Assuming you've checked out the Scalding code, the fastest way to start running Scalding is to launch the REPL in Local mode. Simply run:

    > ./sbt "scalding-repl/run --local"

It will spend some time downloading and compiling, but should eventually show:

```scala
[info] Set current project to scalding (in build file:/Users/bholt/hub/scalding/)
import com.twitter.scalding._
import com.twitter.scalding.ReplImplicits._
import com.twitter.scalding.ReplImplicitContext._
...
scalding>
```


As you can see, we've imported a bunch of Scalding code, including implicits that make it easier to run jobs interactively. Several of these enhancements are "enrichments" on Scalding's `TypedPipe`. The tutorial will go into them in more detail.

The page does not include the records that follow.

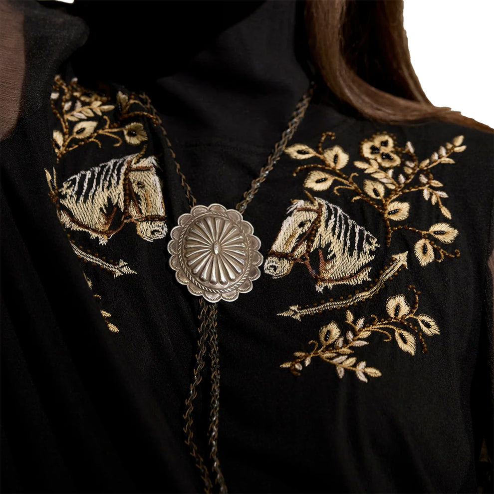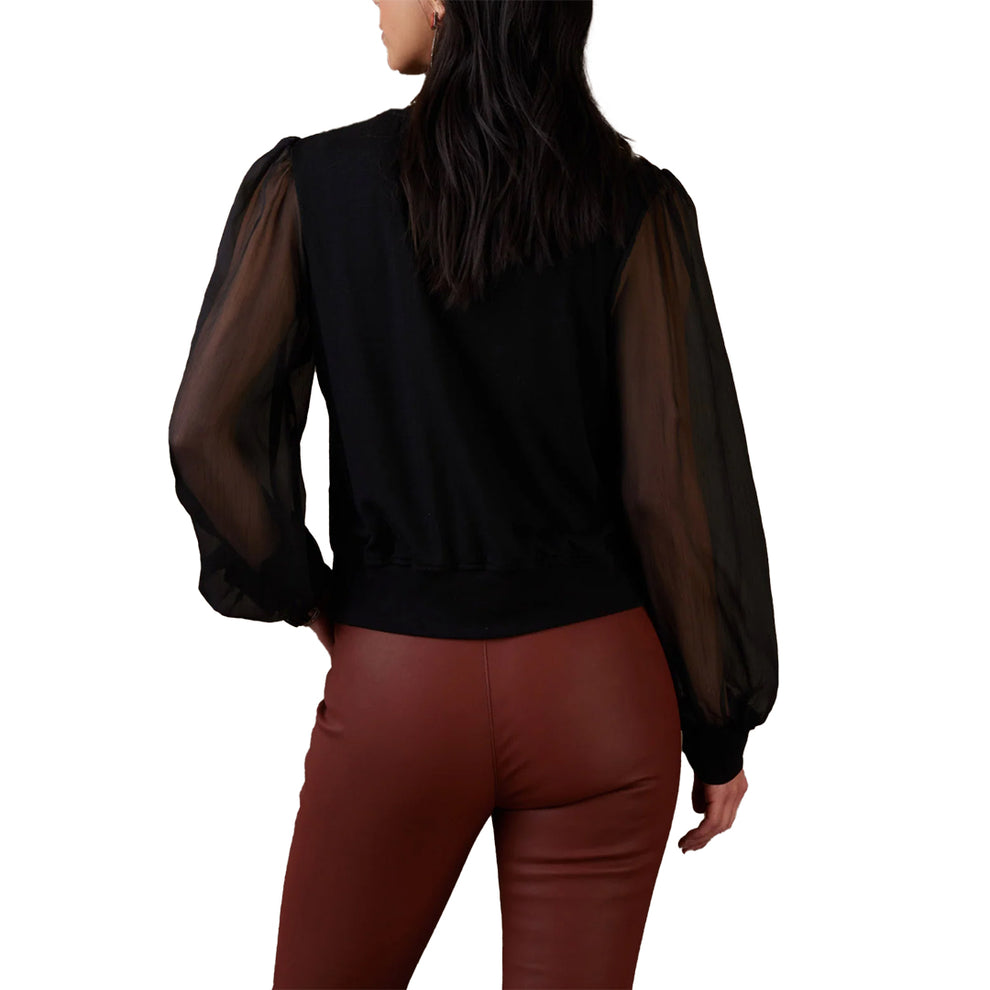 This elegant top brings together style elements of intricate embroidery, a flattering silhouette, and sheer sleeves for a unique statement piece that can effortlessly level up your look.
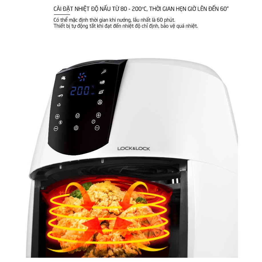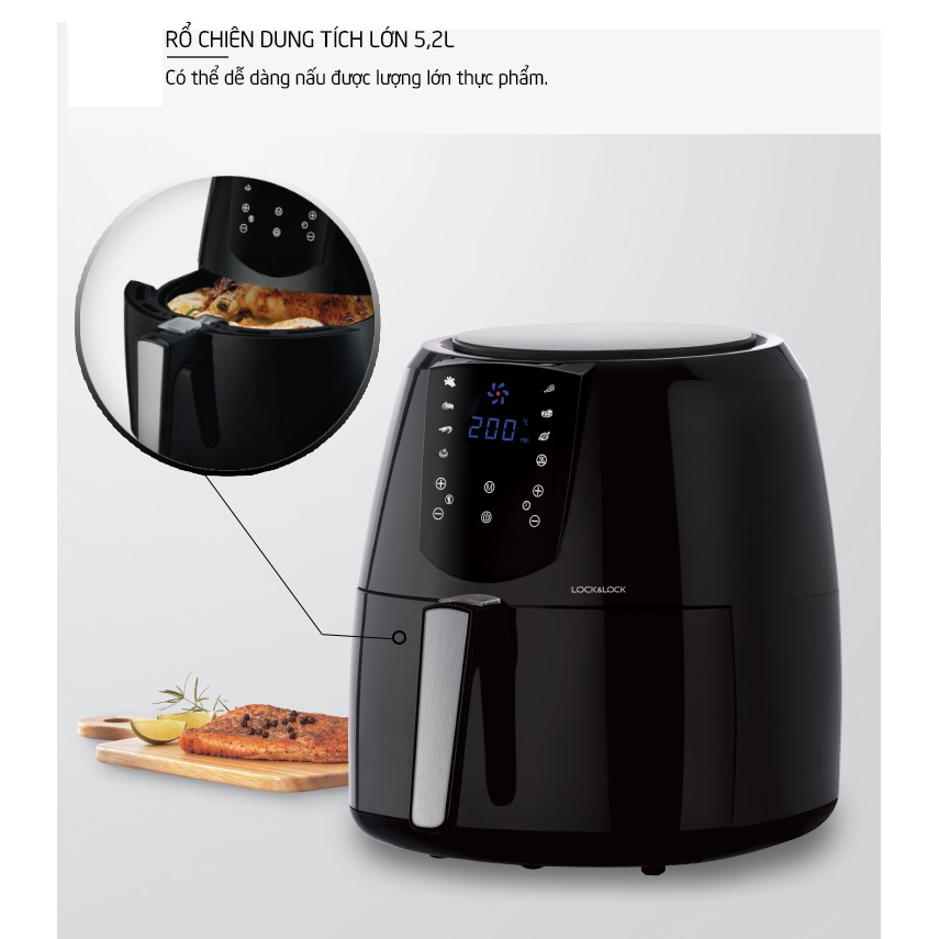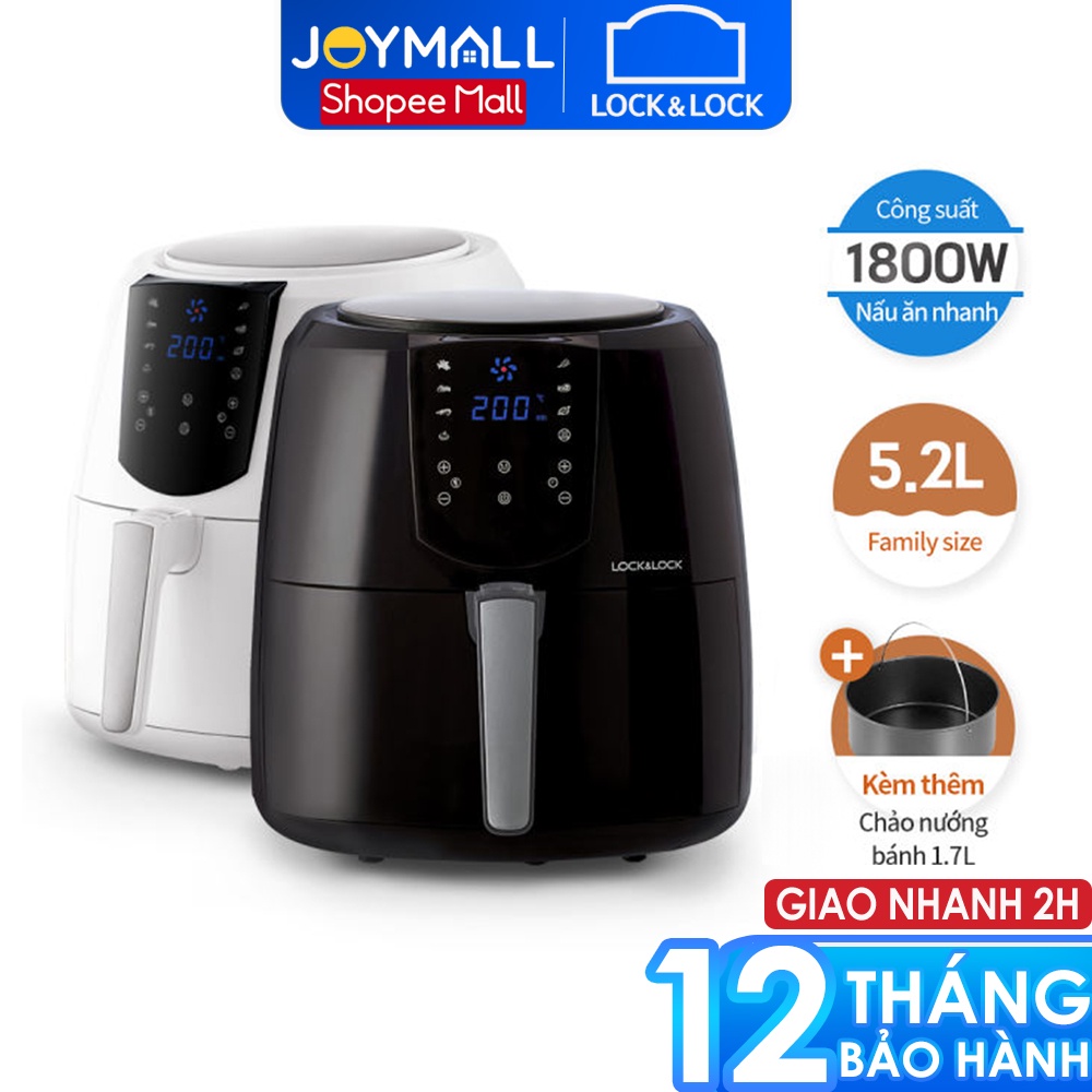Nồi Chiên Không Dầu Điện Tử Lock&Lock EJF357 5.2 Lít - Hàng Chính Hãng, Tặng Kèm Chảo Nướng 1,7L - JoyMall-----------------------------------------------------
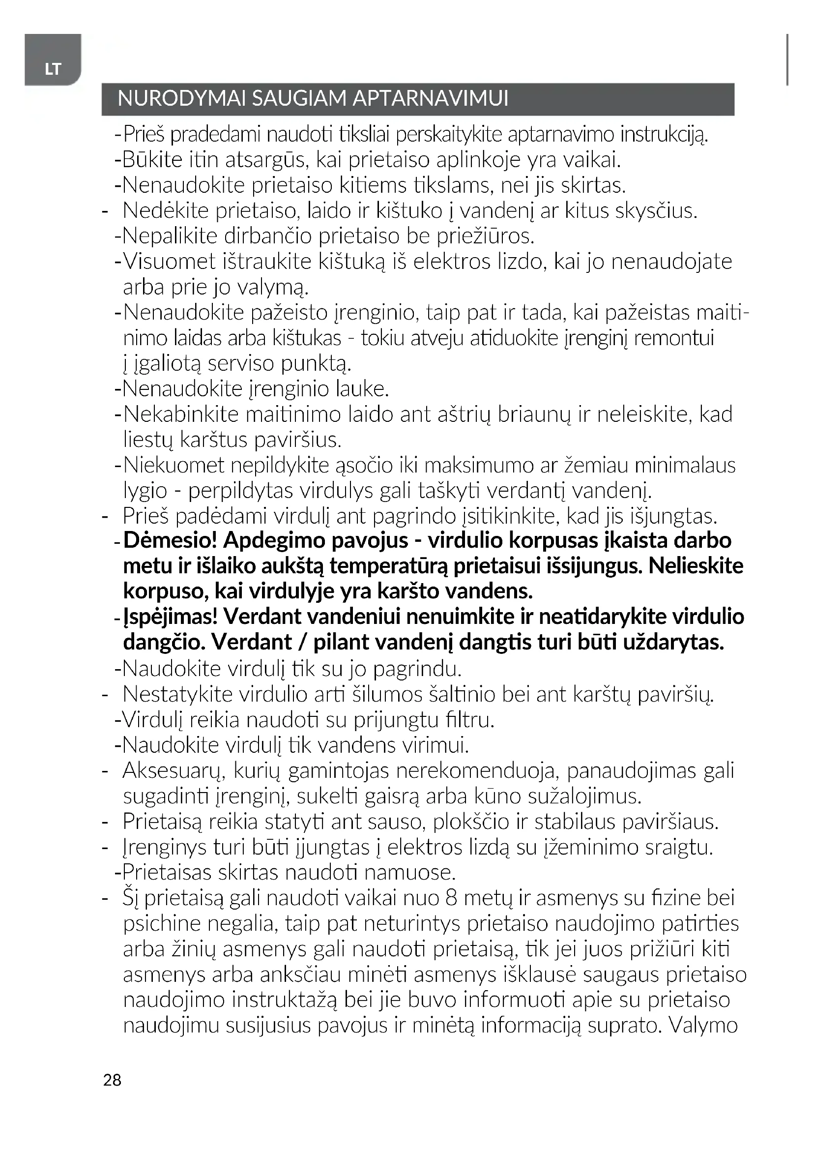 Įspėjimas! Verdant vandeniui nenuimkite ir neadarykite virdulio dangčio. Verdant / pilant vandenį dangs turi bū uždarytas. - Naudokite virdulį k su jo pagrindu. - Nestatykite virdulio ar šilumos šalnio bei ant karštų paviršių. - Virdulį reikia naudo su prijungtu ltru. - Naudokite virdulį k vandens virimui. - Aksesuarų, kurių gamintojas nerekomenduoja, panaudojimas gali sugadin įrenginį, sukel gaisrą arba kūno sužalojimus. - Prietaisą reikia staty ant sauso, plokščio ir stabilaus paviršiaus. - Įrenginys turi bū įjungtas į elektros lizdą su įžeminimo sraigtu. - Prietaisas skirtas naudo namuose. - Šį prietaisą gali naudo vaikai nuo 8 metų ir asmenys su zine bei psichine negalia, taip pat neturintys prietaiso naudojimo pares arba žinių asmenys gali naudo prietaisą, k jei juos prižiūri ki asmenys arba anksčiau minė asmenys išklausė saugaus prietaiso naudojimo instruktažą bei jie buvo informuo apie su prietaiso naudojimu susijusius pavojus ir minėtą informaciją suprato. Valymo29

Let's take a look at some.

### Viewing pipe contents
First, `dump` allows you to print what's in a TypedPipe:

```scala
scala> // load a plain text file into a TypedPipe
     | val hello = TypedPipe.from(TextLine("tutorial/data/hello.txt"))
hello: com.twitter.scalding.typed.TypedPipe[String] = com.twitter.scalding.typed.TypedPipeFactory@42b48066

scala> hello.dump
Hello world
Goodbye world
```

We can also load the contents into memory as a list:

```scala
scala> val lst = hello.toList
lst: List[String] = List(Hello world, Goodbye world)
```

In fact, both `dump` and `toList` use another TypedPipe enrichment, `toIterator`, which can be used directly if one wishes to stream over the data and perform some operation.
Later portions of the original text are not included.